Nothing in the records should be changed in the copy, though the pictures must be left out.

Input records.

────

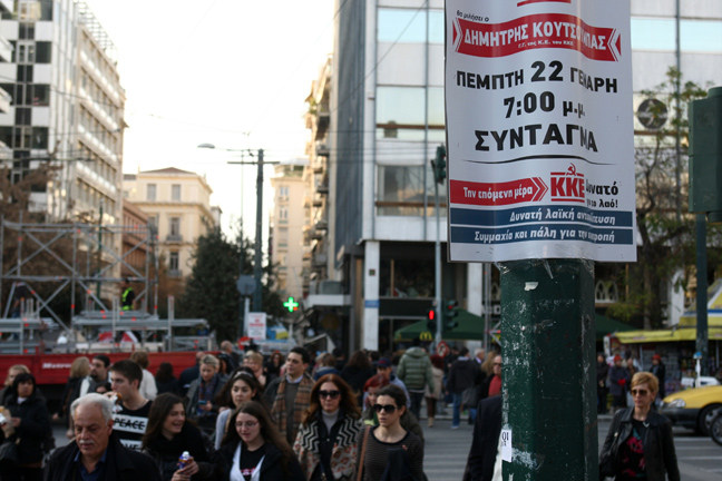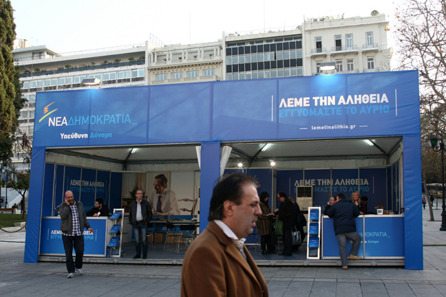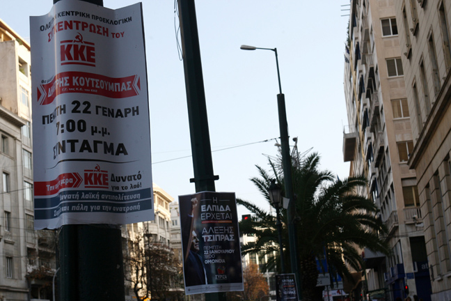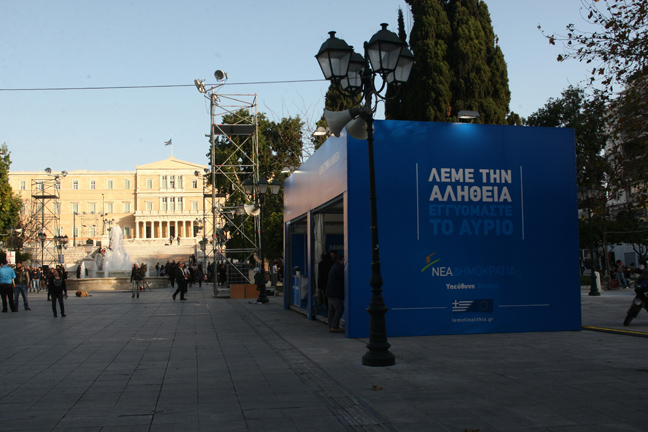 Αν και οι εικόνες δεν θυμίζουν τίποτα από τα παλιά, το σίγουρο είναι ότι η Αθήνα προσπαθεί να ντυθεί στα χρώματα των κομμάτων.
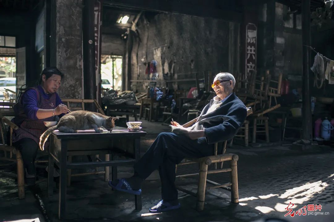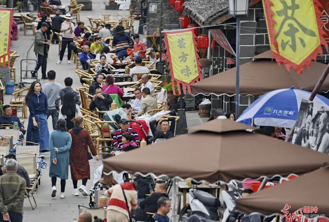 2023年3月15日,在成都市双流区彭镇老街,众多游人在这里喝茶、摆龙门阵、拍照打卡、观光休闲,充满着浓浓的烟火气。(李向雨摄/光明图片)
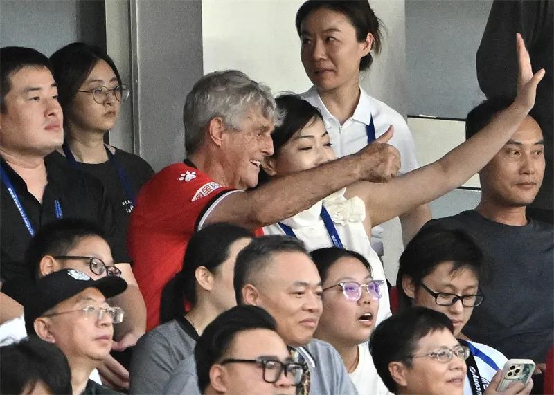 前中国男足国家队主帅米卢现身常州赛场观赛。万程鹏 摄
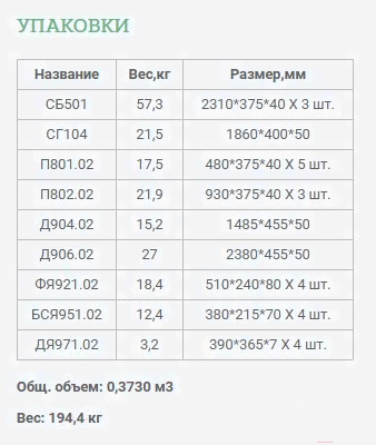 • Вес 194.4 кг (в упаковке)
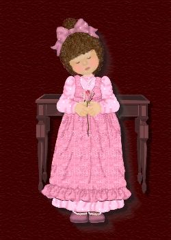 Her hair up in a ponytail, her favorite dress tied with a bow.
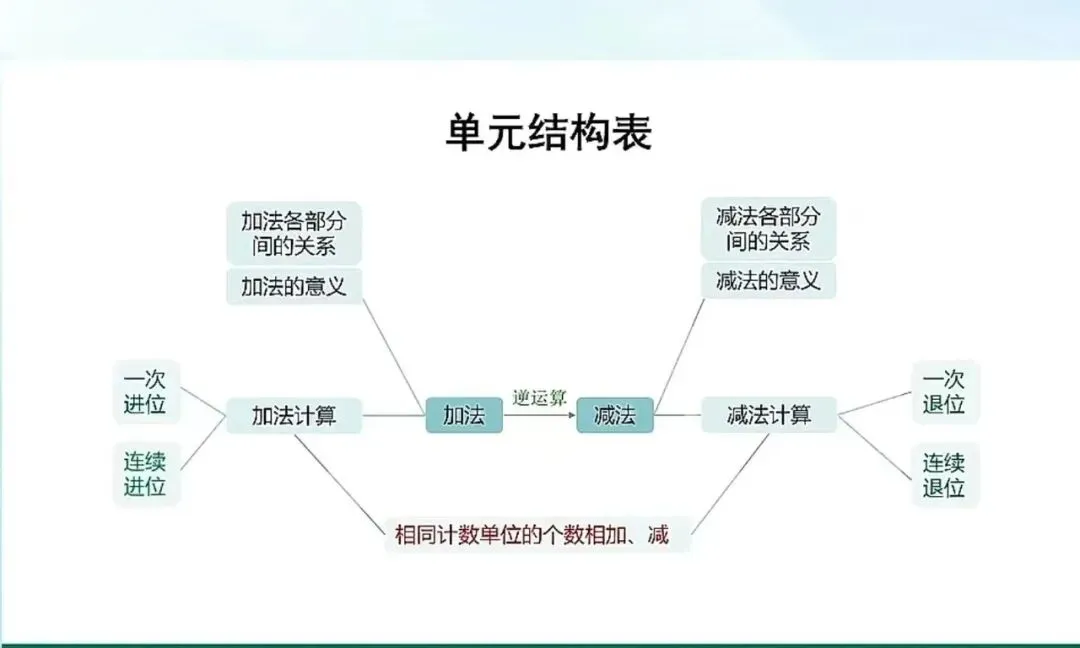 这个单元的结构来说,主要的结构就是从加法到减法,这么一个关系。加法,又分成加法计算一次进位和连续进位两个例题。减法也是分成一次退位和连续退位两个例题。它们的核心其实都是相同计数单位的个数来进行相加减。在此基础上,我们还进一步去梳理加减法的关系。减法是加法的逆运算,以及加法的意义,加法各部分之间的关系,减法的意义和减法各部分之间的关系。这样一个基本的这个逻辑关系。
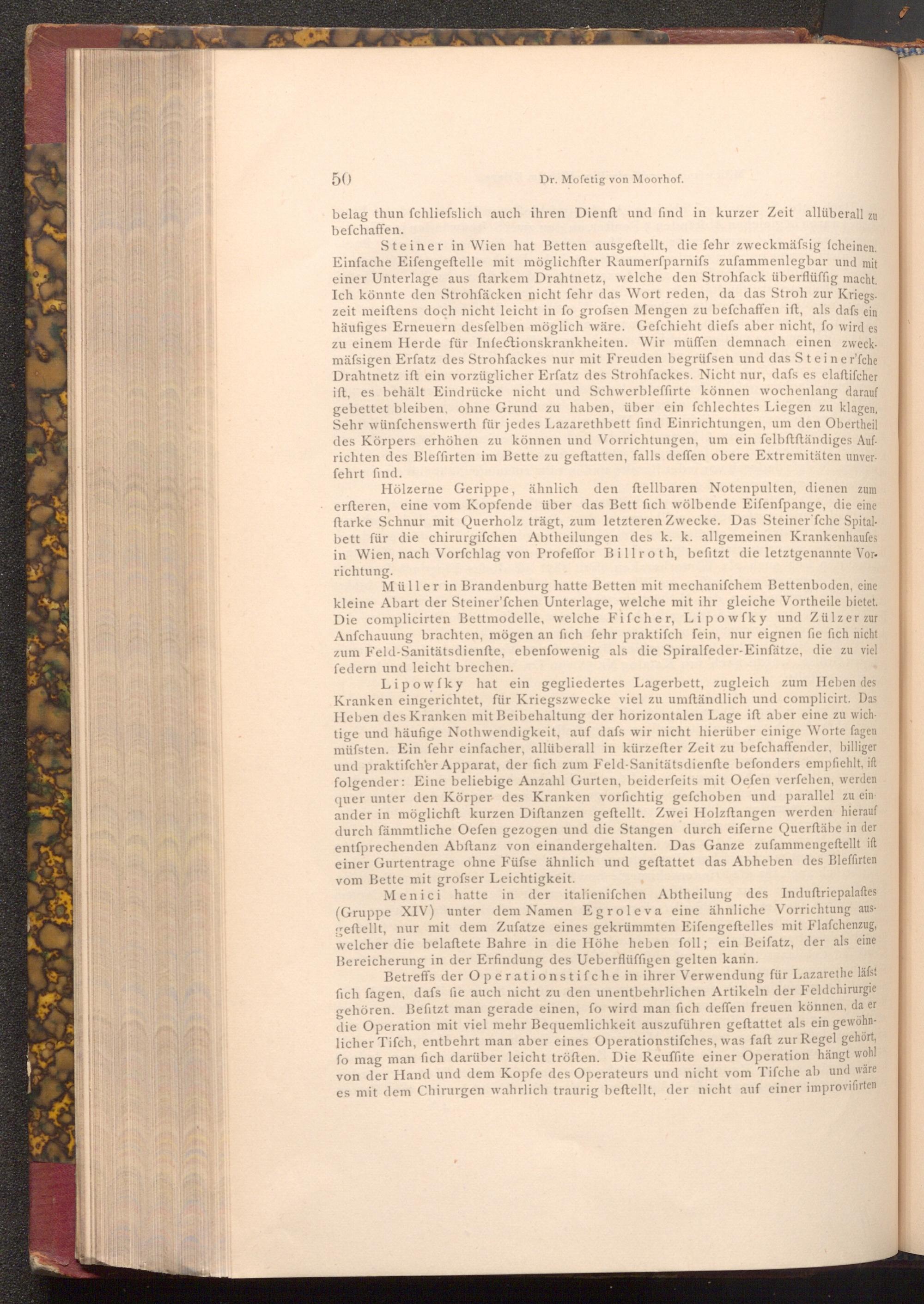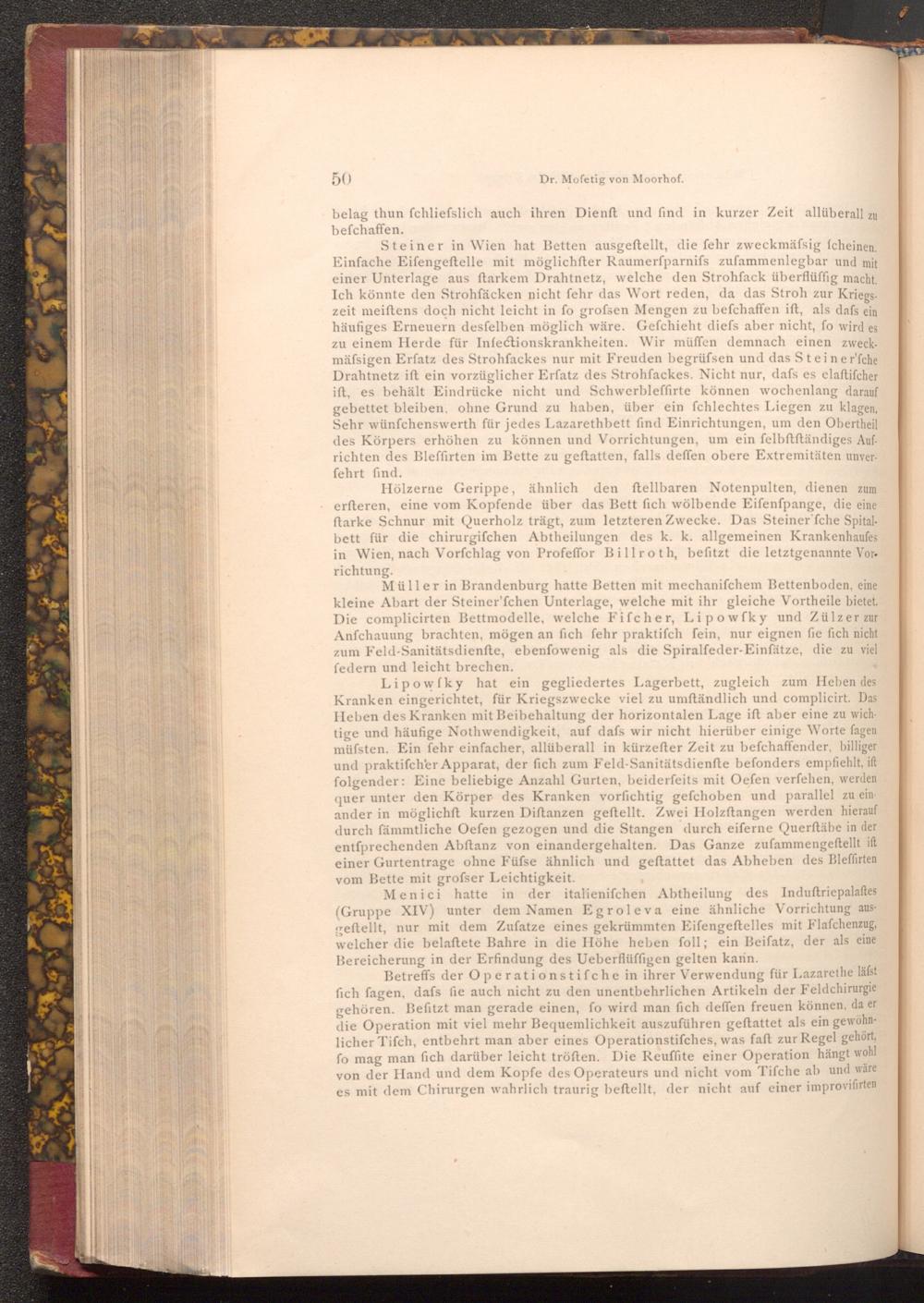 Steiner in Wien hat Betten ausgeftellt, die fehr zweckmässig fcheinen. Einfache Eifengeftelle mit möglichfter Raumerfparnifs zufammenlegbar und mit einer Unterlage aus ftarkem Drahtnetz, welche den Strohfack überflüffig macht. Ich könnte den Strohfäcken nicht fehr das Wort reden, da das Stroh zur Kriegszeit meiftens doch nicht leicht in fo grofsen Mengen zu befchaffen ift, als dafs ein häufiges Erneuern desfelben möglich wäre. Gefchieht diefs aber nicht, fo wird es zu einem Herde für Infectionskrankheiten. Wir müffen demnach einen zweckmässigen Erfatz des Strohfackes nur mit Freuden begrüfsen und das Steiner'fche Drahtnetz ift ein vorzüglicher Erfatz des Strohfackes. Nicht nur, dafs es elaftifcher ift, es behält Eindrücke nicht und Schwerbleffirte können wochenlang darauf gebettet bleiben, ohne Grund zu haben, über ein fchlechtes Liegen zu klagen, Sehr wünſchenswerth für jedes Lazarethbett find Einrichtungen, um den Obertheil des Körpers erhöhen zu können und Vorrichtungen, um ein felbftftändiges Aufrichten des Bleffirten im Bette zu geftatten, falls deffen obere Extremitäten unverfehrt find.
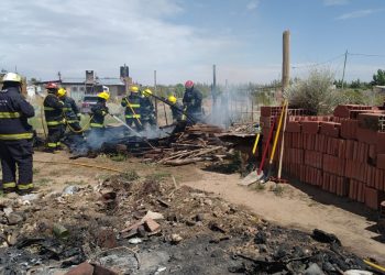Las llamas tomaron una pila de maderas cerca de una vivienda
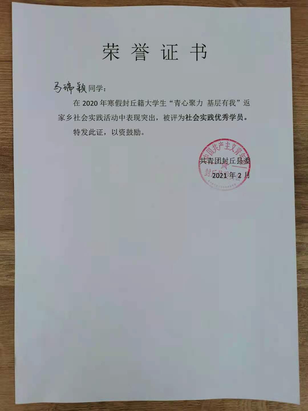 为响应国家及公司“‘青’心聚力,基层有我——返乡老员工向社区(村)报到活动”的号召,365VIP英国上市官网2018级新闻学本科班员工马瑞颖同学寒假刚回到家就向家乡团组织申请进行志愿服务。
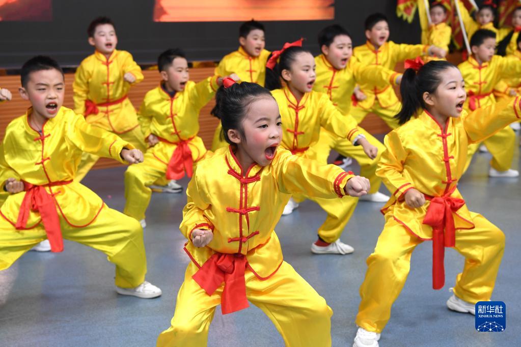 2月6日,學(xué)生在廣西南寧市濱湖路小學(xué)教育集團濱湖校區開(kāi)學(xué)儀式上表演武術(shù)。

────

Output below.
 Αν και οι εικόνες δεν θυμίζουν τίποτα από τα παλιά, το σίγουρο είναι ότι η Αθήνα προσπαθεί να ντυθεί στα χρώματα των κομμάτων.
 2023年3月15日,在成都市双流区彭镇老街,众多游人在这里喝茶、摆龙门阵、拍照打卡、观光休闲,充满着浓浓的烟火气。(李向雨摄/光明图片)
 前中国男足国家队主帅米卢现身常州赛场观赛。万程鹏 摄
 • Вес 194.4 кг (в упаковке)
 Her hair up in a ponytail, her favorite dress tied with a bow.
 这个单元的结构来说,主要的结构就是从加法到减法,这么一个关系。加法,又分成加法计算一次进位和连续进位两个例题。减法也是分成一次退位和连续退位两个例题。它们的核心其实都是相同计数单位的个数来进行相加减。在此基础上,我们还进一步去梳理加减法的关系。减法是加法的逆运算,以及加法的意义,加法各部分之间的关系,减法的意义和减法各部分之间的关系。这样一个基本的这个逻辑关系。
 Steiner in Wien hat Betten ausgeftellt, die fehr zweckmässig fcheinen. Einfache Eifengeftelle mit möglichfter Raumerfparnifs zufammenlegbar und mit einer Unterlage aus ftarkem Drahtnetz, welche den Strohfack überflüffig macht. Ich könnte den Strohfäcken nicht fehr das Wort reden, da das Stroh zur Kriegszeit meiftens doch nicht leicht in fo grofsen Mengen zu befchaffen ift, als dafs ein häufiges Erneuern desfelben möglich wäre. Gefchieht diefs aber nicht, fo wird es zu einem Herde für Infectionskrankheiten. Wir müffen demnach einen zweckmässigen Erfatz des Strohfackes nur mit Freuden begrüfsen und das Steiner'fche Drahtnetz ift ein vorzüglicher Erfatz des Strohfackes. Nicht nur, dafs es elaftifcher ift, es behält Eindrücke nicht und Schwerbleffirte können wochenlang darauf gebettet bleiben, ohne Grund zu haben, über ein fchlechtes Liegen zu klagen, Sehr wünſchenswerth für jedes Lazarethbett find Einrichtungen, um den Obertheil des Körpers erhöhen zu können und Vorrichtungen, um ein felbftftändiges Aufrichten des Bleffirten im Bette zu geftatten, falls deffen obere Extremitäten unverfehrt find.
Las llamas tomaron una pila de maderas cerca de una vivienda
 为响应国家及公司“‘青’心聚力,基层有我——返乡老员工向社区(村)报到活动”的号召,365VIP英国上市官网2018级新闻学本科班员工马瑞颖同学寒假刚回到家就向家乡团组织申请进行志愿服务。
 2月6日,學(xué)生在廣西南寧市濱湖路小學(xué)教育集團濱湖校區開(kāi)學(xué)儀式上表演武術(shù)。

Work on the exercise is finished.